Bisection Method
Goals
Understand the principle of the bisection method (Intermediate Value Theorem), its algorithm, linear convergence, stopping criteria, and comparison with Newton's and secant methods.
Prerequisites
- Chapter 6: Absolute Error / Chapter 7: Relative Error
- Chapter 9: Truncation Error
- Continuous functions and the Intermediate Value Theorem
Contents
1. Principle
The bisection method is a root-finding algorithm based on the Intermediate Value Theorem.
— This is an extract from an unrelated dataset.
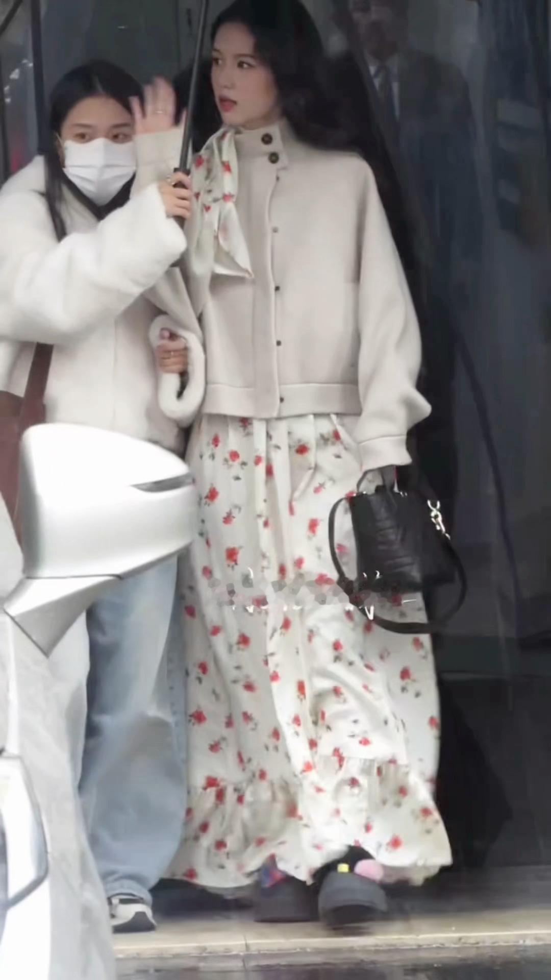 雨爱的秘密☔️大雨中打了很久招呼的也子🥺🥺周也白色碎花裙look周也下雨也
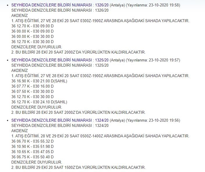 Νέες NAVTEX για άσκηση με πραγματικά πυρά εξέδωσε η Τουρκία για τις 27, 28 και 29 Οκτωβρίου.

Intermediate Value Theorem
If $f$ is continuous on $[a,b]$ and $f(a)\cdot f(b) < 0$, then there exists at least one $c \in (a,b)$ such that $f(c) = 0$.
By applying this theorem iteratively, the interval is halved at each step, bracketing the root ever more tightly.
2. Algorithm
Bisection Method
- Choose an initial interval $[a,b]$ such that $f$ is continuous and $f(a)\cdot f(b) < 0$.
- Compute the midpoint $c = (a+b)/2$.
- If $f(c) = 0$, then $c$ is a root; terminate.
- If $f(a)\cdot f(c) < 0$, set $b \leftarrow c$; otherwise set $a \leftarrow c$.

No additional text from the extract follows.